Don’t watch anything romantic, anything that contains happy couples, even unhappy couples for that matter, while your spouse is seperated from you for a prolonged period of time. You will Cry, with a capital C. Big huge sobs will start pouring out and there’s not going to be a damn thing you can do about it but go with the flow (of tears and snot) and let it all out.
Being apart sucks. There’s nothing good coming out of it, other than it will be worth it in the long run.
IT WILL BE WORTH IT IN THE LONG RUN.
I don’t know how many times a day I have to repeat that to myself. How many times I see someone being picked up by their Daddy at nursery. Every day now Zack cries for his daddy, and you know what – I want to cry along with him. I want to stamp my feet and cry and scream because it’s NOT FAIR that we have to be apart. It’s NOT FAIR that my sons are having to be without their daddy. It’s NOT FAIR that none of it rests in our hands, that we have to rely on someone wanting to buy our house (in this financial climate – HA) to be together again.

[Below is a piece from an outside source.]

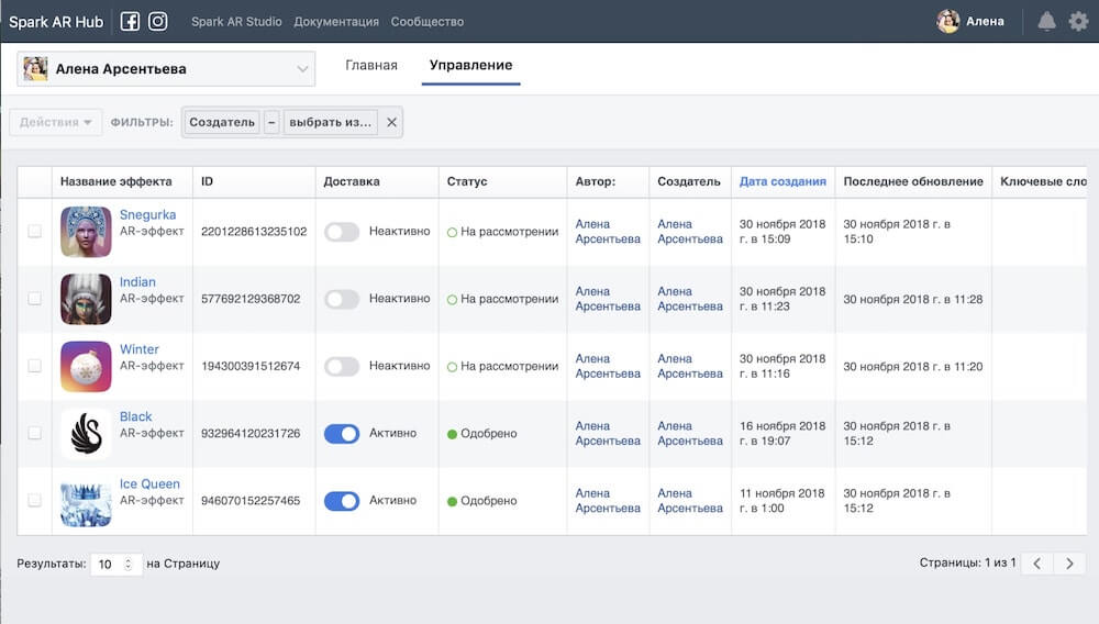 Некоторые пользователи ждут одобрения пару дней, другие – до полугода. Для проверки статуса периодически заходите в личный кабинет, так как Facebook не пришлёт вам никаких уведомлений. После получения одобрения вы увидите в Spark Ar Hub новый интерфейс для загрузки самой маски, описания и превью размером 480х480.

I’m feeling sorry for myself (did you guess??). I woke up this morning AT 4AM (thank you Zack) with a hellish cough and my voice seems to have gone walkabout. Did you know that when you try to talk in your “don’t mess with Mummy” deep voice when you have lost your voice it comes out in a squeak and makes your almost-4-yr-old burst out laughing? Well, it does. To be fair both Zack and Max have been pretty good today, so I can only hope this continues till I start to feel better.
Then there’s the other side of things. When we do finally move up there, what if I don’t like it? What if we can’t afford a decent place? What if I don’t make any friends? I’ve finally made an awesome friend here, the first time I’ve had a girly friend like this for about 3 years, and I’m going to be moving away.
IT WILL BE WORTH IT IN THE LONG RUN.
Right?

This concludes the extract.